Department of Immunology Genetics and Pathology, Uppsala University, Uppsala, Sweden.
PLoS One. 2011;6(9):e25583. doi: 10.1371/journal.pone.0025583. Epub 2011 Sep 29.
Despite intense interest, methods that provide enhanced sensitivity and specificity in parallel measurements of candidate protein biomarkers in numerous samples have been lacking. We present herein a multiplex proximity ligation assay with readout via realtime PCR or DNA sequencing (ProteinSeq). We demonstrate improved sensitivity over conventional sandwich assays for simultaneous analysis of sets of 35 proteins in 5 µl of blood plasma. Importantly, we observe a minimal tendency to increased background with multiplexing, compared to a sandwich assay, suggesting that higher levels of multiplexing are possible. We used ProteinSeq to analyze proteins in plasma samples from cardiovascular disease (CVD) patient cohorts and matched controls. Three proteins, namely P-selectin, Cystatin-B and Kallikrein-6, were identified as putative diagnostic biomarkers for CVD. The latter two have not been previously reported in the literature and their potential roles must be validated in larger patient cohorts. We conclude that ProteinSeq is promising for screening large numbers of proteins and samples while the technology can provide a much-needed platform for validation of diagnostic markers in biobank samples and in clinical use.

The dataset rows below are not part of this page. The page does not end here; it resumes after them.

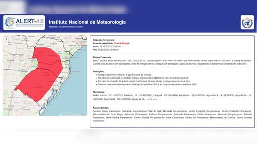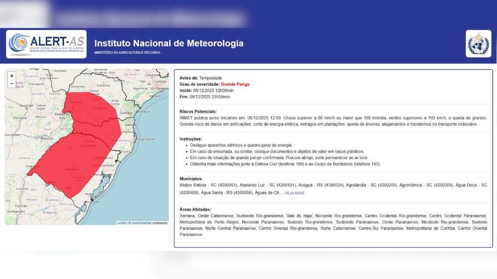 O Instituto Nacional de Meteorologia (Inmet) emitiu um alerta vermelho entre o meio-dia desta segunda-feira (8) e 23h59min de terça-feira (9) para Santa Catarina, Rio Grande do Sul e Paraná. O aviso prevê chuva acima de 60 mm por hora ou mais de 100 mm por dia, ventos superiores a 100 km/h e queda de granizo.
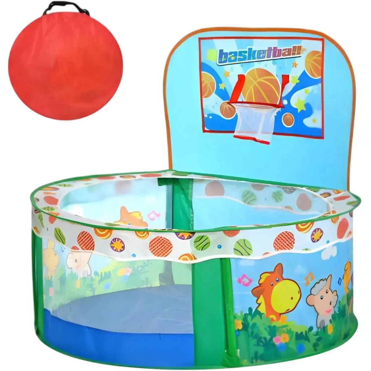 Дитячий намет-манеж Intex MR 1489 Веселі звірята з баскетбольним кільцем, у сумці
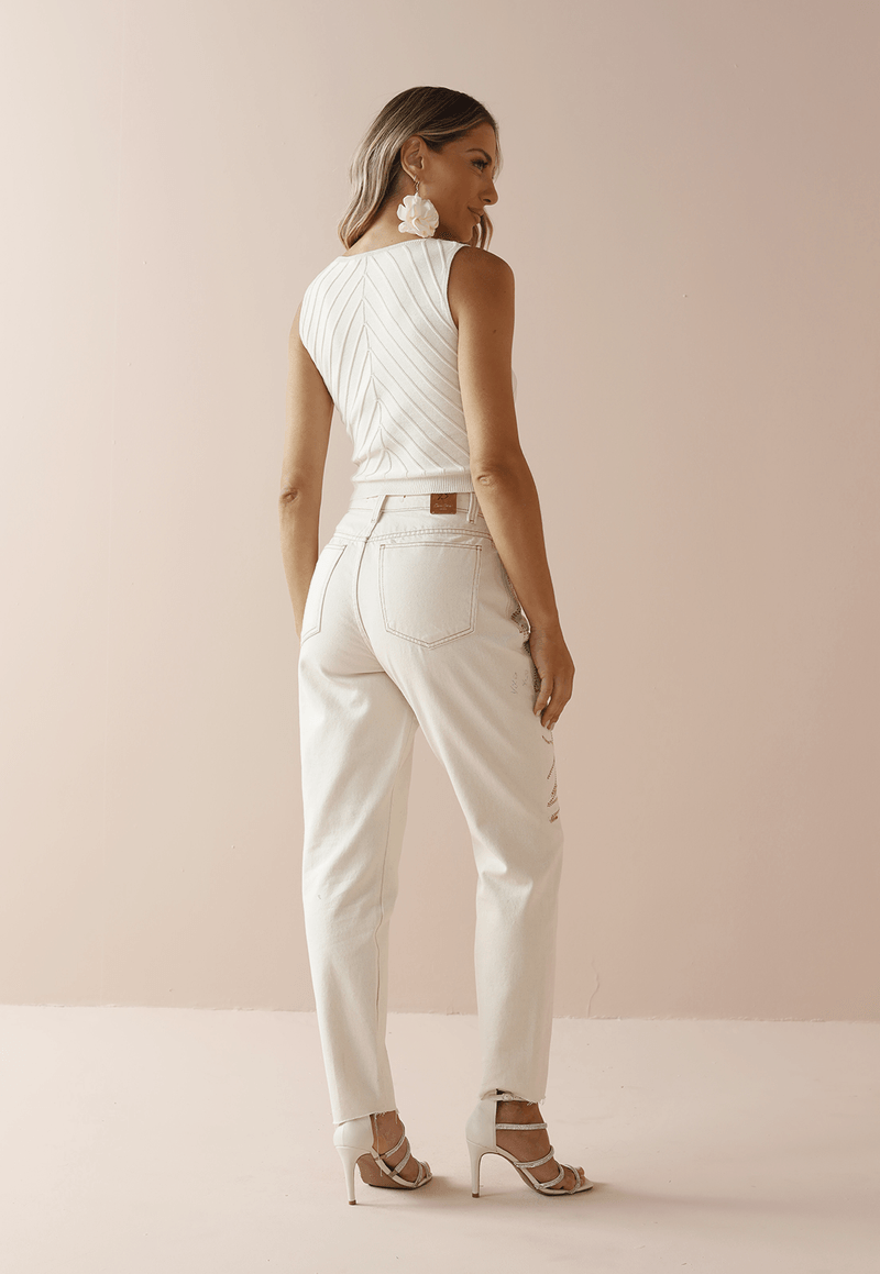 • Modelagem reta com cintura média • Bordado floral aplicado na lateral • Barra desfiada • Cor: Off White • Composição: 100% Algodão
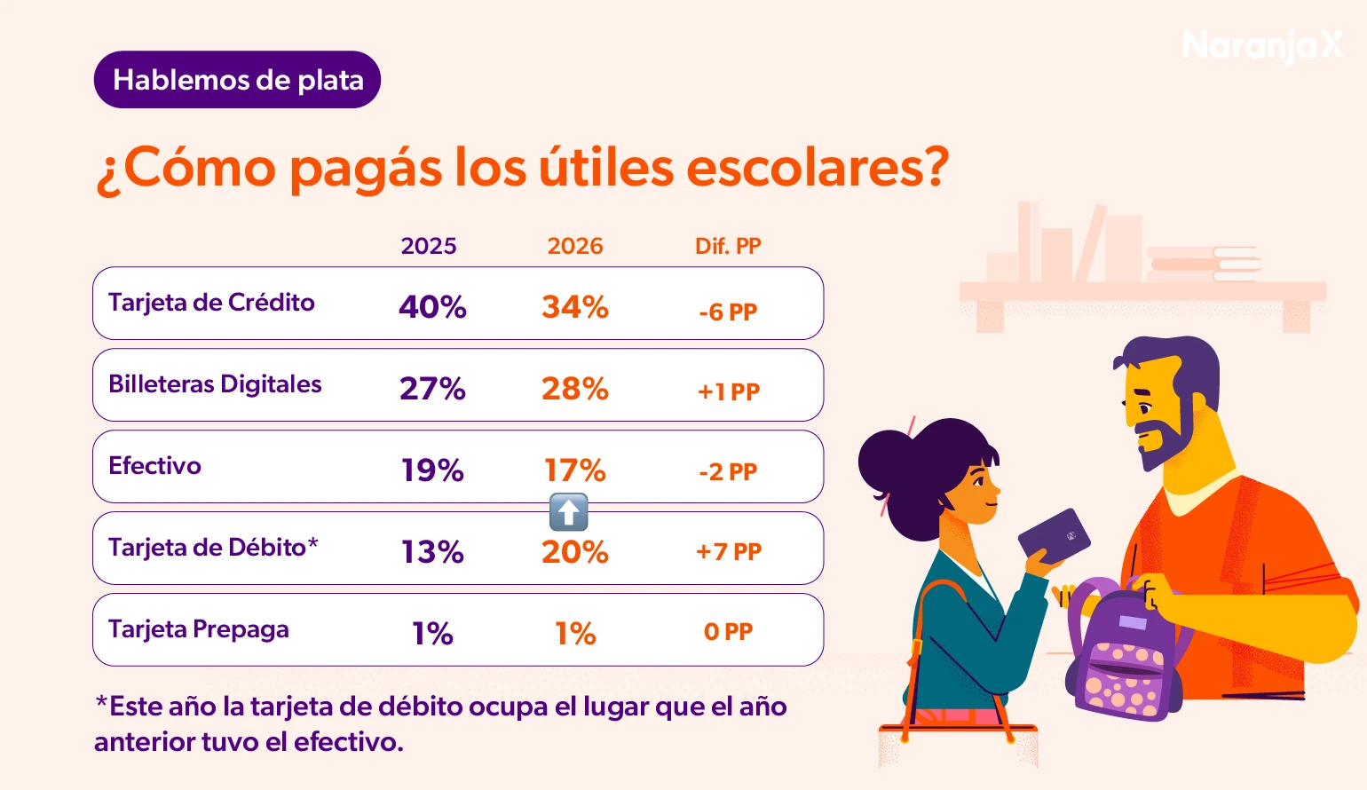 "El relevamiento también muestra que una parte significativa de las compras de la canasta escolar se concentró en la última semana previa al inicio de clases. En ese período se registró un fuerte crecimiento del uso de billeteras digitales y pagos con tarjeta de débito, apalancado por ofertas, promociones y descuentos específicos, que se consolidaron como una herramienta clave para sostener la demanda y mejorar la accesibilidad de los precios” detalló Damián Di Pace Director de la Consultora Focus Market.

尽管人们对此非常感兴趣,但在对大量样本中的候选蛋白生物标志物进行平行测量时,仍缺乏能提高灵敏度和特异性的方法。我们在此提出了一种多重邻近连接分析检测法,其检测结果可通过实时 PCR 或 DNA 测序(ProteinSeq)获得。与传统的夹心检测法相比,该方法在对 5μl 血浆中的 35 种蛋白质进行同时分析时,灵敏度显著提高。重要的是,与夹心检测法相比,我们观察到多重检测时背景的增加趋势最小,这表明可以进行更高水平的多重检测。我们使用 ProteinSeq 分析了心血管疾病 (CVD) 患者队列和匹配对照组的血浆样本中的蛋白质。三种蛋白质,即 P-选择素、胱抑素-B 和激肽释放酶-6,被鉴定为 CVD 的潜在诊断生物标志物。后两种在文献中尚未有报道,其潜在作用必须在更大的患者队列中进行验证。我们得出结论,ProteinSeq 有望用于筛选大量的蛋白质和样本,同时该技术可为生物库样本和临床应用中的诊断标志物的验证提供急需的平台。